傅存远随口一问。
陆茫的目光在发信人的手机号码上扫过,然后将手机收回口袋里,说:“没什么,群发的过年短信。”
“弟——弟媳——来点炮仗啦!快点!”
傅乐时的声音从远处传来,远远地向他们招手。
农历新年即将到来。
大宅门口的车道上聚集了不少人,除了傅老爷子和傅家的兄弟姐妹以外,在傅家帮工的佣人们也都聚集到了一起。长长一串炮仗摆在水泥地上,如龙似蛇般蜿蜒盘踞起来。

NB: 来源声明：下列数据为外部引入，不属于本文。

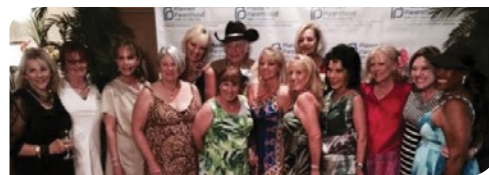
5th Annual Corks & Forks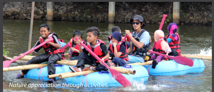
Nature appreciation through activities.

The 4th Royal Belum Scientific Expedition was held from the 7 th -17 th of September 2015. Organised by PBF, the expedition consisted of research teams from renowned Malaysian universities and research institutes. The expedition was to document new inventories of flora and fauna in and around the Sg. Kejar and Sg. Tiang Basin located in the Royal Belum Rainforest.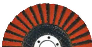
ULTRA COARSE (CERAMIC)

FINISHING PRO was born from the idea of creating a new generation flap disc by combining normal flaps of abrasive cloth with non woven flaps, typical of finishing discs. Abrasive cloth flaps are for "roughing" while non woven flaps (due to their fine grit) polish metal giving it a very low surface roughness and a shiny aspect. The ceramic version allows a removal speed that is at least double compared to that of corundum discs and it lasts 50% more. Suitable for quick roughing operations and for use before carrying out different finishing jobs that can be obtained with ultra coarse, coarse, medium and fine grits.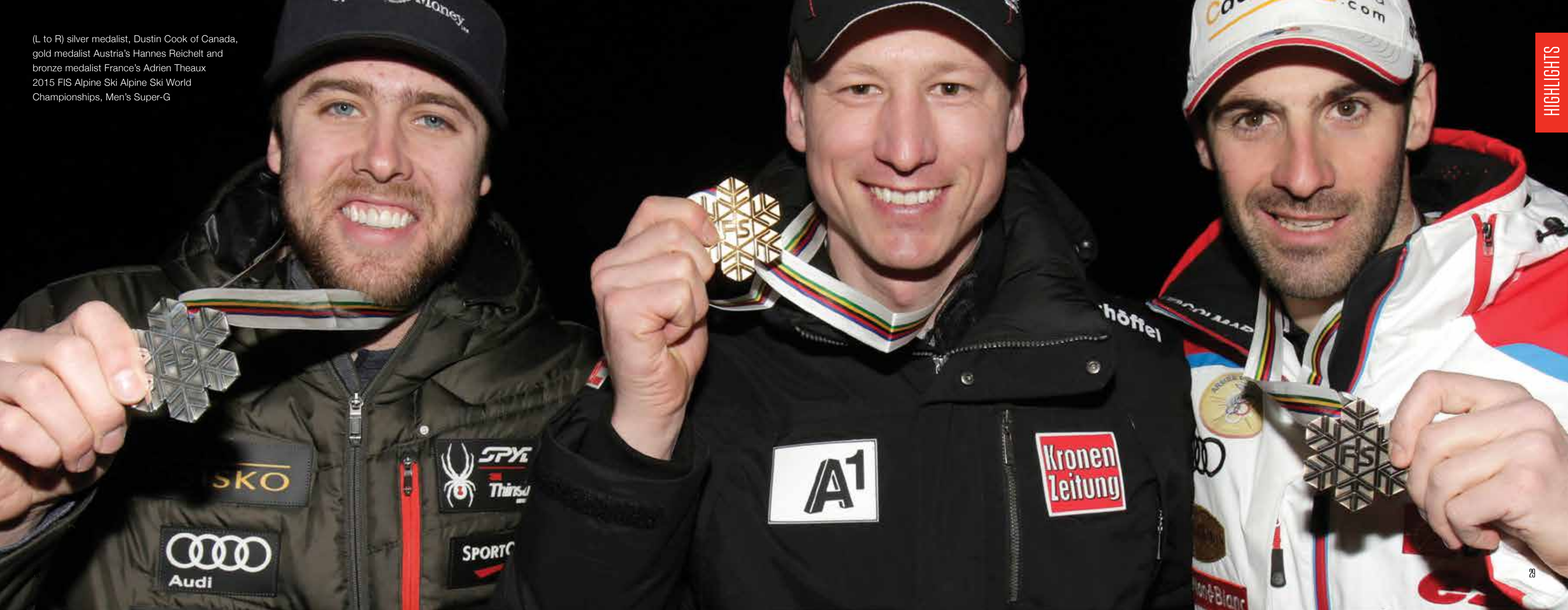
(L to R) silver medalist, Dustin Cook of Canada, gold medalist Austria's Hannes Reichelt and bronze medalist France's Adrien Theaux 2015 FIS Alpine Ski Alpine Ski World Championships, Men's Super-G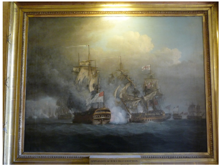
HMS Bellerophon passing through the French line, May 29th 1794

Earl Howe having made the signal for the British ships to pass through the enemy's line, the Bellerophon immediately obeyed, and passed through in close action accompanied by the Royal Charlotte and the Leviathan .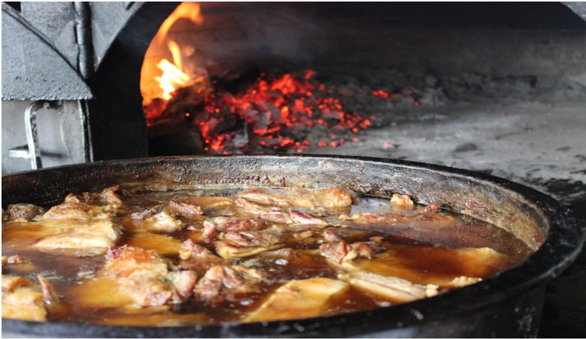
Picture 4. Oven Kebab Cooking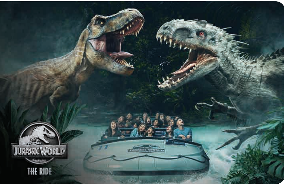
JURASSIC WORLD THE RIDE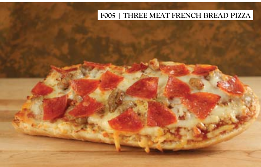
F005 | THREE MEAT FRENCH BREAD PIZZA

Five types of cheese with garlic seasoning top off our new freshly baked 8" bun. Comes in our toasting microwavable tray. 4.33 oz. each. $3.50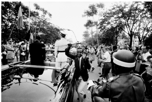
A Congolese man snatches the sword from King Baudouin of Belgium Leopoldville 1960

Berliner Originale VOL. I: Robert Lebeck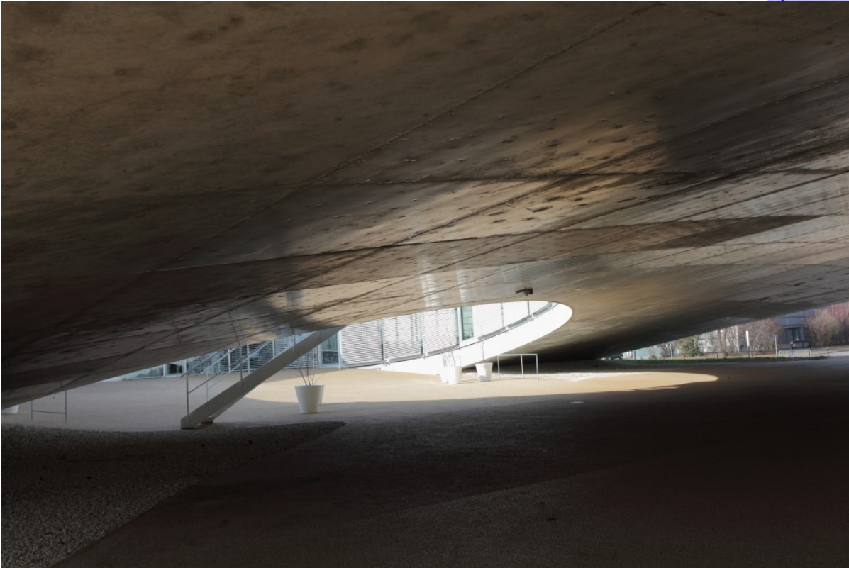
Adreina Schoeberlein / CC BY-NC-ND 2.0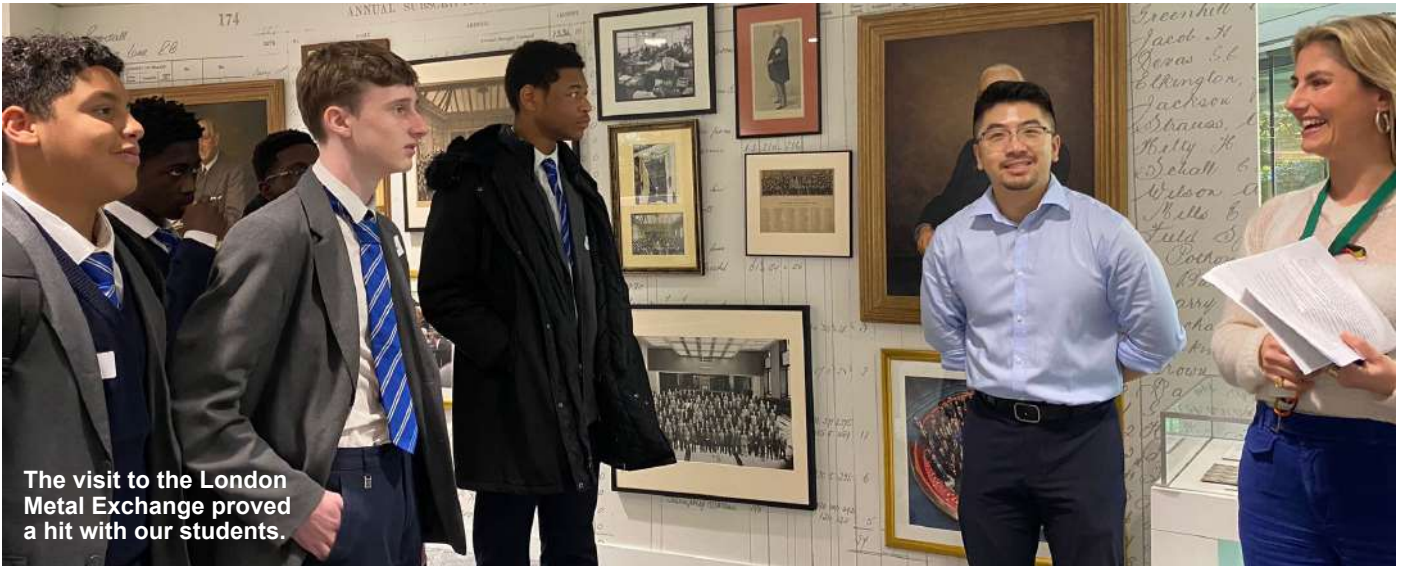
The visit to the London Metal Exchange proved a hit with our students.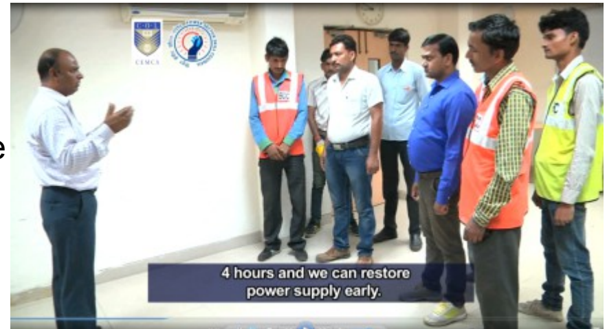
Second Video – Good Teamwork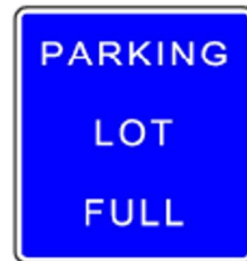
36" x 36"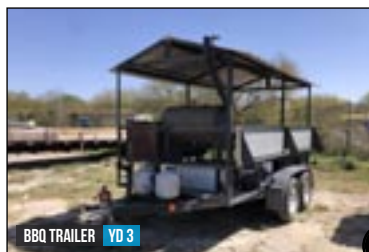
BBQ TRAILER YD 3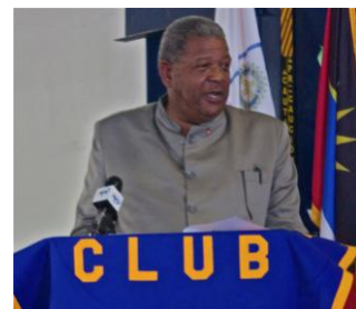
Handing-over Ceremony November 7, 2012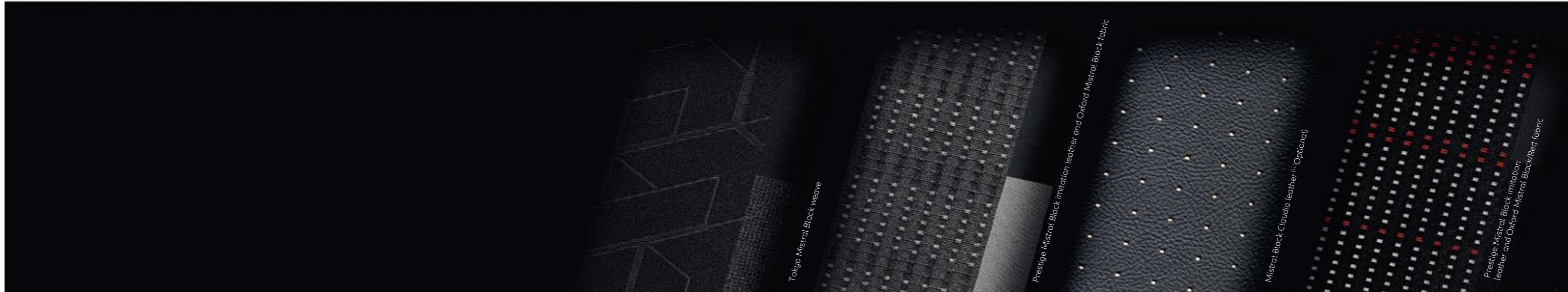
Tokyo Mistral Black weave

*Trims available depending on version. (1) Leather and other materials .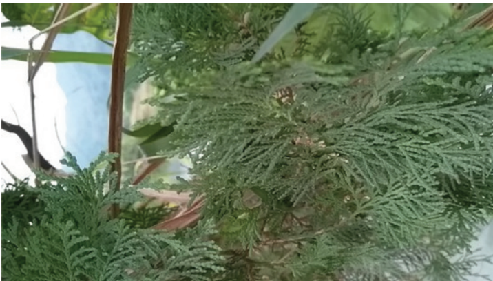
FIGURE 4 | Cedar found in Hong Kong.

指针在一片热闹气氛中踏过零点。傅静思划起一根火柴,猫着腰凑到那串炮仗末端,点燃了引子。
只听“呲”的一声响,火星在夜色中迸发,傅静思反应迅速地甩灭手里的火柴,三步并作两步撤了回来,抬手捂住耳朵。
几乎是同一时刻,第一声炮仗炸响在夜色中。
饶是有所准备,陆茫也被这声巨响吓了一跳,但下一秒,温热的掌心已经贴上他的耳朵,将劈里啪啦、越来越密集的爆炸声隔绝开来。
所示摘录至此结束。